Soluble fiber is found in barley and oats, fruit (both dried and fresh), and legumes. Insoluble fiber can be taken in through the addition of whole grains and wheat foods – as well as some vegetable choices.
So for this step, don’t look at what has to be cut out of your diet – look at what you get to add into your daily meals – things like:
- Fresh vegetables
- Whole wheat bread, rolls, pasta, muffins, or bagels
- Almonds
- Whole grain cereal
- Grits
- Popcorn
- Oatmeal
- Beans
- Brown rice
- Pretzels
One word of advice, though. While you want to make fast changes to your blood pressure readings, adding too much too soon to your diet in the way of fiber might cause you to suffer an upset stomach. People have reported bloating whenever they upped their fiber intake dramatically all at once.
Easing Into the Dietary Mindset
When you’re diagnosed with a health condition and are told you have to make changes, the rigid restrictions can be very depressing. Food is a part of our cultural activities, it provides comfort – and we enjoy it!
Think of this task as what you have to add, rather than what you have to cut out. If you’re adding more whole grains and fruit, you won’t be hungry for more sugar-laden or salt-heavy carbs – it’s a nice side effect.
But do become aware of what you’re putting into your body, because some of the things that help this silent killer are snuck into your food sources where you wouldn’t even think they would be lurking.
Adding Exercise to Lower Your Blood Pressure
While dietary measures are one proactive step you can take in lowering your blood pressure, it’s not the only effective thing you can do to ward off increased hypertension. Exercise is another tactic you can do to improve your health and lower your numbers.
People who are sedentary notably have increased blood pressure. Statistics show they’re 30-50% more likely to have hypertension than people who frequently move their bodies throughout the day.
Many people use exercise as a way of improving their looks via weight loss. But even if you don’t lose weight, exercise can still offer you the ability to lower your blood pressure.
How Does Exercise Benefit Blood Pressure?
When you’re diagnosed with high blood pressure, your doctor will probably recommend a combination of lifestyle changes. When exercise is discussed, it will be aerobic exercise that helps reverse hypertension.

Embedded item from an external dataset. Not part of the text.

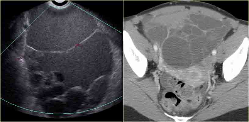 На УЗИ (слева) видно большое многокамерное кистозное образование в правом параметрии; некоторые из камер анэхогенны, в других визуализируются равномерные низкоуровневые эхогенные включения, обусловленные белковым содержимым (в данном случае муцином, однако аналогично могут выглядеть и кровоизлияния). Перегородки в образовании в основном тонкие. Кровотока в перегородках не выявлено, солидный компонент также отсутствует, признаков асцита не определяется. Несмотря на отсутствие кровотока при допплерографии и солидного компонента, размер и многокамерная структура этого образования позволяют заподозрить кистозную опухоль и порекомендовать другие, более точные методы диагностики. На КТ с контрастным усилением (справа) определяются схожие изменения. Камеры образования имеют различную плотность, соотносящуюся с разным содержанием белка. При гистопатологическом исследовании подтвердилась муцинозная цистаденокарцинома с низким потенциалом злокачественности.
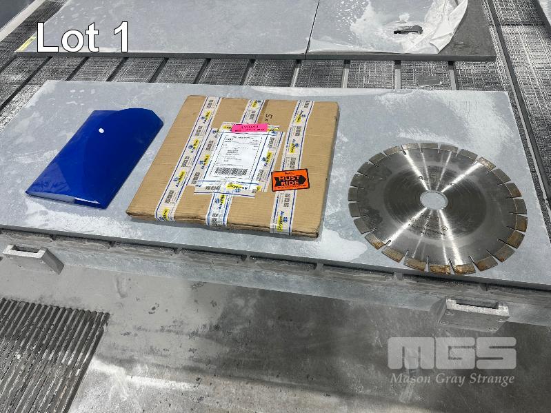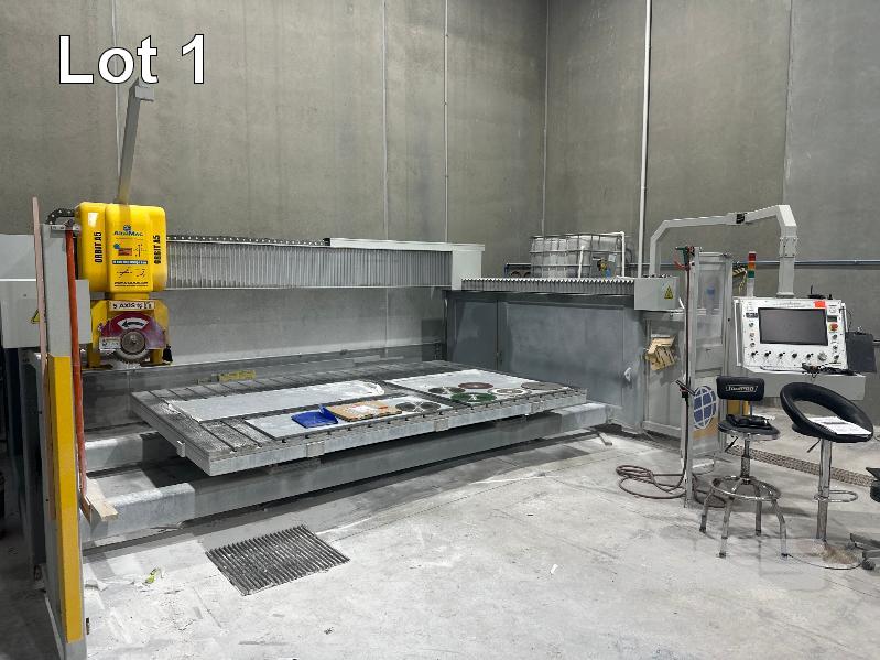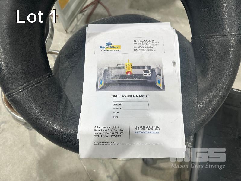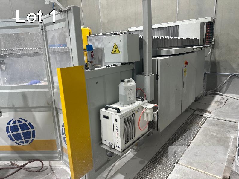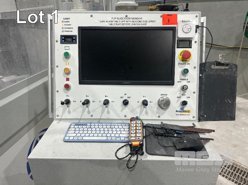 AITAL-MAC CNC BRIDGE SAW MOD: ORBIT-A5 DOM: 2023 5 AXIS, 415V HARD WIRED 3600 x 2400mm CUTTING TABLE CONSUL CNC CONTROLLER WITH REMOTE FRONT DOOR PANELS REMOVED ELECTRIC EYE GUARDING + CIRCULATING FLUID PUMP, 2 x IBCS EDGE GRINDING DISCS & SPARE BLADES

Aerobic exercise is running, bike riding, or swimming laps. But all types of exercise have a positive effect on your blood pressure – and studies show that you don’t have to overdo it to get results, either. But if you’re already diagnosed with hypertension, then aerobic exercise has shown to help more.
Your blood pressure numbers could drop anywhere from 6 to 10 mm Hg if you have hypertension. Those who already have healthy blood pressure numbers won’t see much change with added exercise, but it’s keeping problems at bay.
Your age might determine how helpful exercise is, too. The older you are, the lower the chance that exercise will lower your systolic blood pressure. But both numbers matter, so make sure you’re developing a good lifelong habit.
Is Exercise Dangerous When You Have High Blood Pressure?
If you’re worried about the common spike of blood pressure during exercise, then ask your doctor to ensure its safety. Usually there’s a normal level of increase and something considered abnormal, which could point to more deadly artery disease.
Those with definite hypertension already might be advised to take it easy, gradually increasing intensity as they get stronger. There are things you can do that could make things worse when it comes to exercise, such as over-exerting yourself. There’s no need to overdo it when moderate exercise works just as well, if not better. Make sure you use a heart monitor to see how your body is handling it.
Your doctor may have specific instructions about your exercise, depending on the overall state of your health as well as the medication that you’re on. And obviously, stop exercising if you experience chest pain, dizziness, or other severe symptoms that are cause for alarm.
How to Add Exercise to Your Daily Regimen
Barring any specific limitations on your exercise from your doctor, there are ways you can add it to your routine each day to help improve your blood pressure readings. You want to get your doctor’s opinion on how much exercise you can do.
Make sure you also find out which types of exercise he or she recommends, if there are any activities you need to steer clear of, and how your medications (if any) will react to your new schedule.
You want to add a stretching, warm up and strengthening element to your workouts for overall health and injury prevention, but for blood pressure, aerobic activity is what will benefit you most.
Aside from those previously mentioned, you can also use a jump rope, go rollerblading, or invest in a rowing machine. Any activity that gets your heart pumping and allows your body to maximize its use of oxygen will help your hypertension.
If it’s difficult for you to get started, then try beginning with 30 minutes of exercise, every other day. Then work up to a daily schedule, adding more time as you feel stronger and your readings improve.
How to Stick With It
Very few people jump for joy when the word “exercise” is mentioned. It’s usually seen as a chore rather than a benefit. But if you choose activities that you enjoy, it can change the game for you and help you stay on course.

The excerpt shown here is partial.